While a majority of this court has held that inclusion of such an instruction in the charge is not reversible error, Boudreaux v. State, 723 S.W.2d 230 (Tex.App.—Beaumont, 1986), we have not held that failure to give the instruction is reversible error. According to our record, appellant never objected to the lack of this instruction in the court’s charge. Since we find that failure to instruct the jury as required by TEX. CODE CRIM.PROC.ANN. art. 37.07, sec. k(a) (Vernon Supp.1987), is not fundamental error, the error was harmless. Almanza v. State, 686 S.W.2d 157 (Tex.Crim.App.1985). This ground of error is overruled.

Appellant’s fourth ground of error states:

“The trial court erred in admitting over Appellant’s objection the testimony of witness Karen Sanborn regarding the behavior of Appellant at a school open house.”

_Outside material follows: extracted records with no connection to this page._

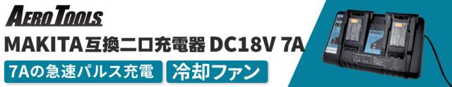 >AERO TOOLSブランドから登場した7Aの急速パルス充電対応の「マキタ互換二口充電器 DC18V 7A」はこちら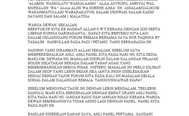 Contoh teks moderator forum contoh draf repot polis isu semasa semasa. Download teks moderator (forum) pdf. Before presentation greeting ladies and gentlemen, may i. Welcome to this candidates' forum. This document was uploaded by user and they . Form 5 forum ulbs script. Example script for moderator part 1: Group forum script part 1. Assalamualaikum and good morning, welcome to our forum discussion organized universiti teknologi mara (uitm) shah alam. Skrip forum remaja pendisiplinan pelajar tanggungjawab siapa forum remaja pencetus . ١ ذو القعدة ١٤٤٣ هـ.
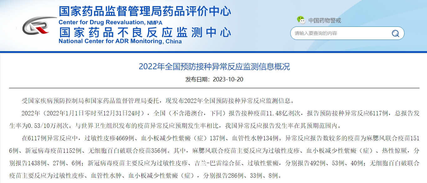2022年全國預(yù)防接種異常反應(yīng)監(jiān)測信息概況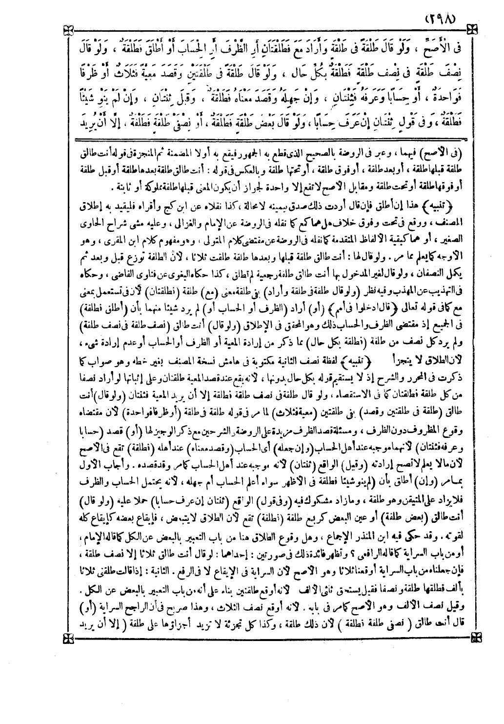 وهل وقوع الطلاق هنا من باب التعبير بالبعض عن الكل كما قاله الإمام أو من باب السراية كما قاله الرافعي وتظهر فائدة ذلك في صورتين إحداهما لو قال أنت طالق ثلاثا إلا نصف طلقة فإن جعلناه من باب السراية أوقعنا ثلاثا وهو الأصح لأن السراية في الإيقاع لا في الرفع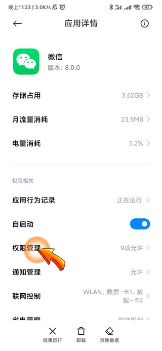微信步数没走路显示走了好多是因为手机没有授予微信运动权限,首先点击桌面上的“手机管家”图标,然后点击“应用管理”选项,找到并点击微信图标,之后点击应用详情页面中的“权限管理”,最后点击授予“获取身体运动信息”权限即可。
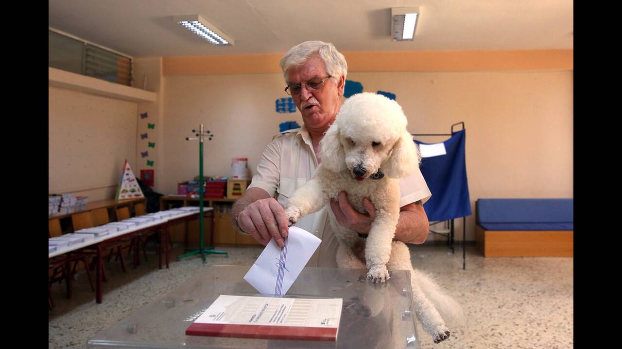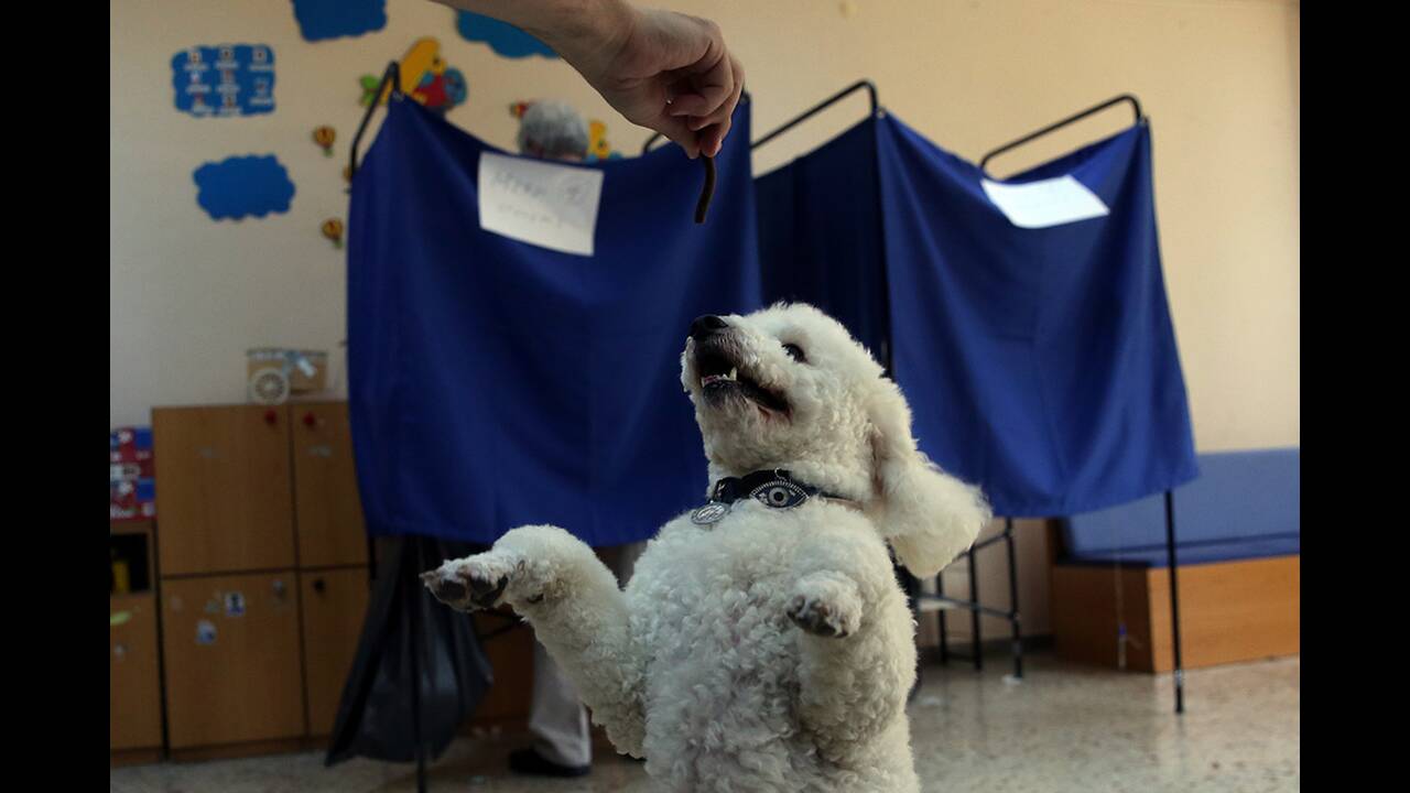 Την παράσταση έκλεψε χτες σε εκλογικό κέντρο της Αθήνας ένα τετράποδος…ψηφοφόρος που πήγε με τον κηδεμόνα του να ασκήσει και αυτός το εκλογικό του δικαίωμα.

Mrs. Sanborn was a kindergarten teacher who was the first person to whom the complainant reported the alleged offense. She was probably allowed to go too far in describing appellant at a school open house as being frustrated, spouting, and upset when the teacher would not immediately interrupt her conversation with other parents to talk with appellant. The teacher said appellant’s conduct helped her to understand the child’s outcry, but no other explanation was given. We, of course, never see a witness or observe his or her influence on a jury, but we don’t dispute that the teacher’s testimony had the desired effect on the jury. However, appellant cites us no authority to support this ground of error, and an objection of irrelevancy is rather general in nature and not particularly illuminating to a trial court. See Russell v. State, 468 S.W.2d 373, 374-375 (Tex.Crim.App.1971); Henderson v. State, 617 S.W.2d 697, 698 (Tex.Crim.App.1981).

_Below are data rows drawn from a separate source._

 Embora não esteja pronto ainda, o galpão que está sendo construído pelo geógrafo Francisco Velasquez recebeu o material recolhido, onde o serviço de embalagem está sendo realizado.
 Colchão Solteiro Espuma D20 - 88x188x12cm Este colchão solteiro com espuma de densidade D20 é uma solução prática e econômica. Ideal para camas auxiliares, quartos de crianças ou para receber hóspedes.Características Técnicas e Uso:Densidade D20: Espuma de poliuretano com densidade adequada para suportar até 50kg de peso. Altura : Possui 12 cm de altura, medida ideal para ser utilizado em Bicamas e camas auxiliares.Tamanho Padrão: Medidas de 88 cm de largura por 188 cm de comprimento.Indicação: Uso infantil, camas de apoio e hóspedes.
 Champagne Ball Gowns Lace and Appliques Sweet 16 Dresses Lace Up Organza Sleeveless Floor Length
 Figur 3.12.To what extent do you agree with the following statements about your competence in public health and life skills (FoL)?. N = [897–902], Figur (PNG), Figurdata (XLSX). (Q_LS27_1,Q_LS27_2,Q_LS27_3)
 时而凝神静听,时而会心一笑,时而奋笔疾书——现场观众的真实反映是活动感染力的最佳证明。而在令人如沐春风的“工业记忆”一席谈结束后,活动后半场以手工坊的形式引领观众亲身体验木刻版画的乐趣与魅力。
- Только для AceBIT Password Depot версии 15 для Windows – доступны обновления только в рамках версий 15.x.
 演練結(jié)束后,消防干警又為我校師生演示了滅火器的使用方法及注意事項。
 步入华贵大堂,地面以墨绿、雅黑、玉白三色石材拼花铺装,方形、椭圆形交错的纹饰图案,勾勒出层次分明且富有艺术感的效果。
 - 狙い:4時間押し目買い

In discussing Relevancy, 2 R. RAY, TEXAS LAW OF EVIDENCE CIVIL AND CRIMINAL sec. 1481 at 168 (Texas Practice 3d ed. 1980), Ray has this to say:

“In the decision calling for the balancing of such intangibles the courts have wisely reposed a wide discretion in the trial judge.”

While we have stated that the school teacher’s testimony no doubt had the desired effect on the jury, nevertheless when compared with the testimony of appellant’s conduct with his young daughter, it is pale in comparison and, therefore, harmless. Bagley v. State, 708 S.W.2d 585, 589 (Tex.App.—Beaumont, 1986).

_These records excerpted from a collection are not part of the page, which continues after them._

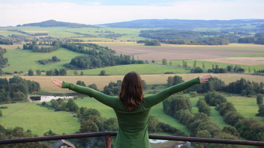 На обратном пути заехали в руины одного замка. Он привлек наше внимание еще по дороге в Карловы вары. Поднялись на высокую гору, оттуда прекрасный вид! Место не туристическое, поэтому людей немного.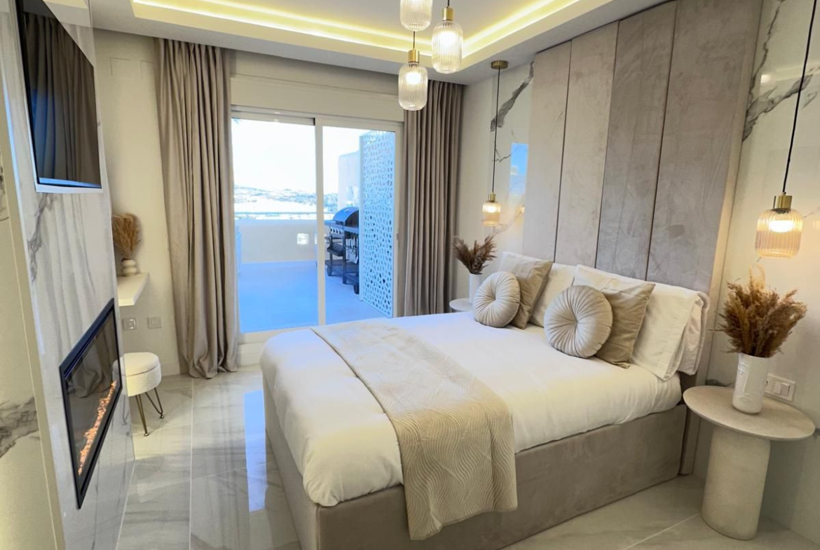 The open-plan living spaces flow seamlessly onto two spacious outdoor terraces, both positioned to maximise the stunning sea and mountain views. One terrace features a bespoke outdoor bar and kitchen, offering a private, resort-style setting perfect for entertaining or relaxing while enjoying the Mediterranean lifestyle.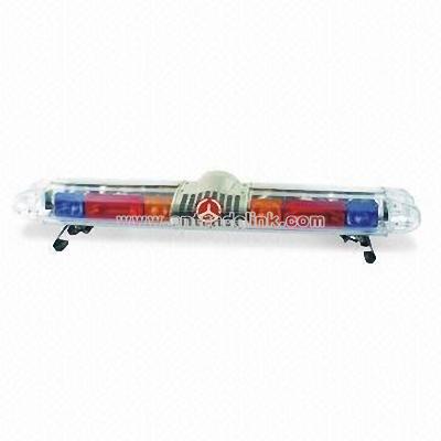 Power: 78W Voltage: 12 or 24V DC Colors: clear cover, red, blue and yellow LED inside Installation: fixed by clasp Size: 1,200 x 330 x 173mm Accessories: 4 longer strobe light + 8 square light + 2 alloy light and 4 U type strobe light Net weight: 17.5kg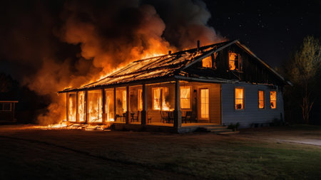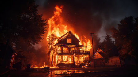 Inferno A Devastating House Fire Under the Night Sky, Flames Engulfing the Entire Dwelling, Tragedy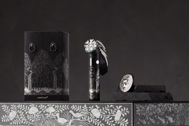‘뷰티 디바이스가 공식 기념품?’ 네, 맞습니다. 메디큐브의 에이지알 부스터 프로 일월오봉도 에디션이 2025 APEC 정상회의 공식 기념품으로 선정됐다. 국립박물관문화재단과 협업해 전통미와 첨단 뷰티테크를 한 패키지 안에 녹여냈다는 점이 인상적. 노리개 장식이 달린 자개장형 케이스를 열면 ‘일월오봉도’가 병풍처럼 펼쳐지고, 디바이스 화면엔 ‘신라의 미소’로 불리는 경주 얼굴무늬 수막새가 등장한다. 하이테크와 헤리티지의 만남, 이보다 더 K-뷰티스러울 수 있을까?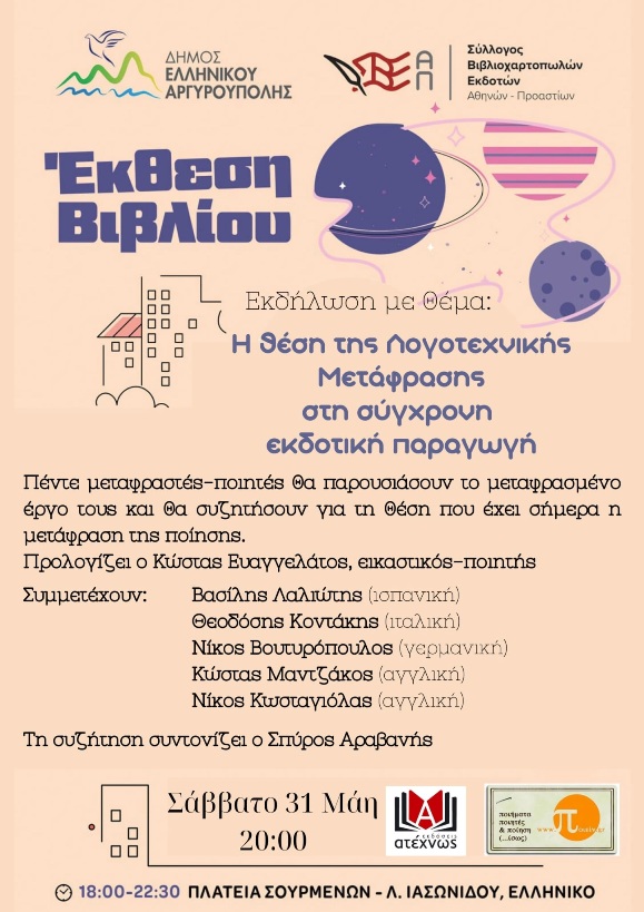 Η Επιθεώρηση Ποιητικής Τέχνης ΠΟΙΕΙΝ και οι εκδόσεις Ατέχνως στο πλαίσιο της 2ης Έκθεσης Βιβλίου που διοργανώνει στην πλατεία Σουρμένων ο Σύλλογος Βιβλιοχαρτοπωλών και Εκδοτών Αθηνών – Προαστίων σε συνεργασία με το Δήμο Ελληνικού Αργυρούπολης και τη στήριξη της Πανελλήνιας Ομοσπονδίας Εκδοτών Βιβλιοχαρτοπωλών, διοργανώνουν εκδήλωση με θέμα: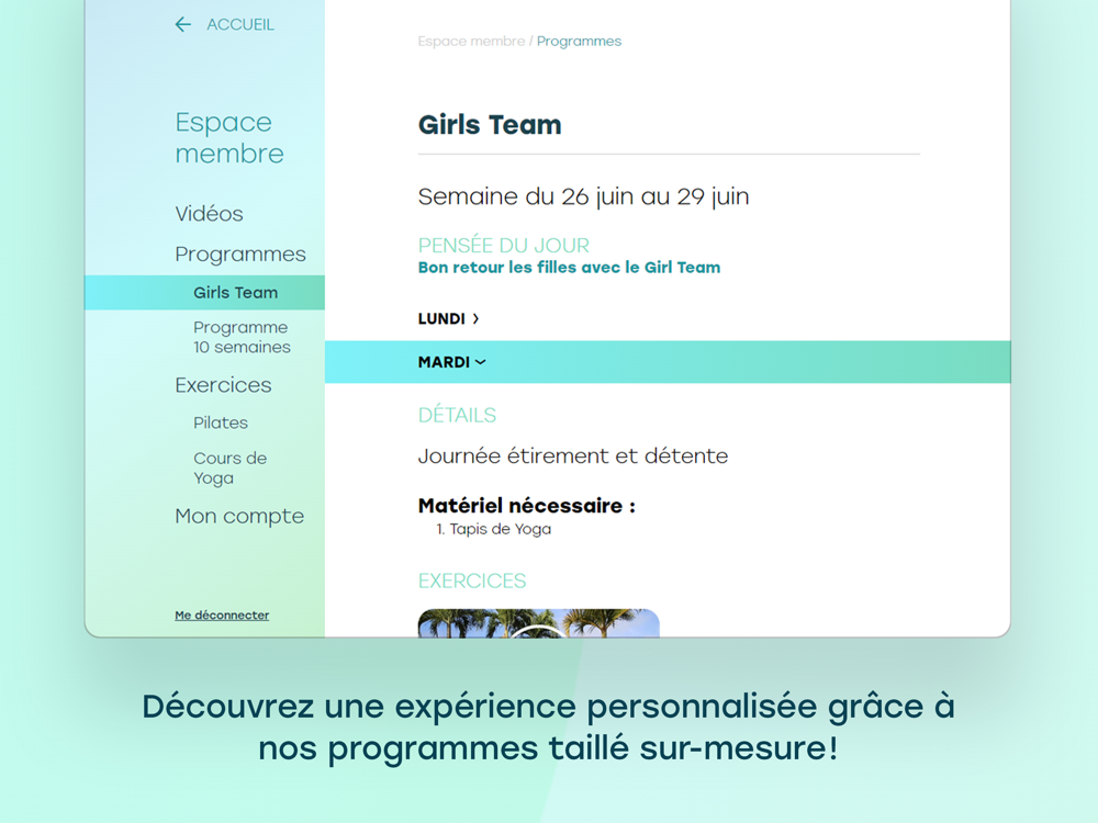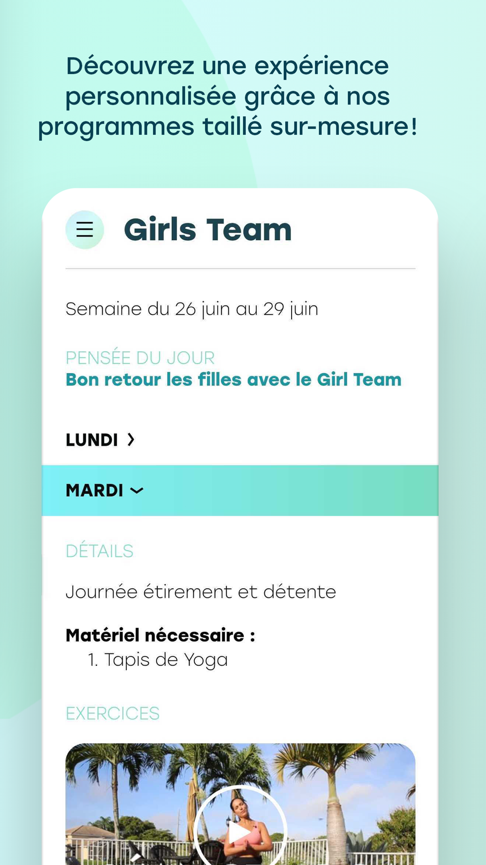 Vous allez découvrir le GIRLS TEAM, un groupe privé de filles et de femmes qui sont déterminées et qui partage leurs séances ce qui fait toute la différence sur la motivation à court et long terme.

Appellant’s final ground of error complains of ineffective assistance of counsel by the failure of his attorney to object to testimony by witnesses Lisa Spivey and Karen Sanborn to hearsay statements by the complainant describing the alleged offense and identifying appellant as the perpetrator.

Such a challenge involves a two-prong test: first, that counsel’s assistance was not “reasonably effective”; second, but for counsel’s unprofessional errors, the result *53of the trial would have been different. We look at the totality of the representation of trial counsel, and not isolated acts or omissions. See Strickland v. Washington, 466 U.S. 668, 104 S.Ct. 2052, 80 L.Ed.2d 674 (1984); Moore v. State, 700 S.W.2d 193, 195 (Tex.Crim.App.1985); Hernandez v. State, 726 S.W.2d 53 (Tex.Crim.App.1986) (not yet reported). An isolated failure to object to improper evidence does not constitute ineffective assistance of counsel. Ingham v. State, 679 S.W.2d 503 (Tex.Crim.App.1984).

Viewing the evidence as a whole, we also find that the prejudicial impact of the admission of the testimony of Sanborn and Spivey was not of a sufficient degree to render appellant’s trial unfair. Therefore, appellant’s fifth point of error is overruled.

The judgment of the trial court is affirmed.